Il faut rappeler que la croyance permet d’attribuer une cause à un phénomène qui n’a pas de sens et donc de le rendre acceptable. Ceci explique par exemple importance de ce que l’on appelle les théories conspiratoires du pouvoir et qui explique les menaces, les dangers ou les risques dans nos sociétés à partir de forces occultes qui manipulent les sociétés de façon cachée. Comme elles sont cachées, elles sont évidemment irréfutables. Croire à la conspiration et aux liens de causalité entre ceux qui agissent et les malheurs du quotidien est un moyen assez simple de donner du sens à sa vie. C’est le mécanisme même de la « sorcellerie », de la conspiration et de la paranoïa. Face à l’inconnu qui est associé au risque, les acteurs partent souvent de deux choses vraies, il y a dans la société des hommes politiques, des entreprises, des militants, des journalistes, des scientifiques, des groupes de pression qui essayent d’influencer le cours des choses d’un côté, et de l’autre la vie quotidienne qui est traversée de nombreux risques comme aujourd’hui le chômage, les problèmes de pouvoir d’achat, les risques de maladies, etc. tous ces malheurs prennent sens si on peut attribuer une source, une origine et donc une cause à l’heure existence.

Apprivoiser le hasard grâce aux croyances et à la recherche d’une excitation « ludique » au sens large

Partons donc d’un constat qu’il n’est pas possible de supprimer le hasard et donc de le « prévoir » puisque par nature le hasard est imprévisible, mais qu’il existe un sentiment qu’il est possible de le « réduire » grâce aux probabilités d’un côté et aux croyances de l’autre.

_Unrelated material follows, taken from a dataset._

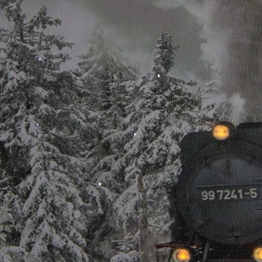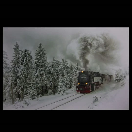 This still-life picture is the perfect addition to your seasonal decor. This winter scene depicts a snowy winter day with a train rolling down the tracks. Pre-lit with 25 fiber optic pure white lights and 3 amber LED lights. Fiber optic lights are set in the trees giving the illusion of falling snow while the LED lights are in the train’s headlights.

La plupart des croyances par rapport aux jeux de hasard et éventuellement d’argent, sont associées à la recherche d’une excitation, d’un stimulus et donc d’une émotion. Et bien souvent pour chaque individu plus l’émotion est forte plus cela lui donne le sentiment que sa croyance est vraie. C’est souvent ce que l’on appelle le bon sens, l’intuition, le ressenti, etc. qui sont des émotions très utiles dans la vie quotidienne. Souvent les croyances se construisent petites à petit suivant le principe de progressivité montré par Gérald Bronner dans son travail sur les sectes par exemple. La croyance ne vient pas d’un seul coup elle se construit petit à petit par des signes et jusqu’à un certain seuil au-delà duquel une personne bascule dans une autre logique. Des enquêtes sur les joueurs montrent aussi que certains peuvent jouer un vendredi 13, ou par rapport à une série comme 10/11/12, comme l’an dernier le samedi 10 novembre 2012, non pas parce qu’il croit, au sens de superstition, mais parce que ce jour-là peut représenter un signe qui pousse à jouer et donc à éprouver une excitation sans que la croyance dans la coïncidence soit réelle.

Le plus souvent les croyances sont liées à ce qu’on appelle des biais cognitifs, l’équivalent des illusions d’optique.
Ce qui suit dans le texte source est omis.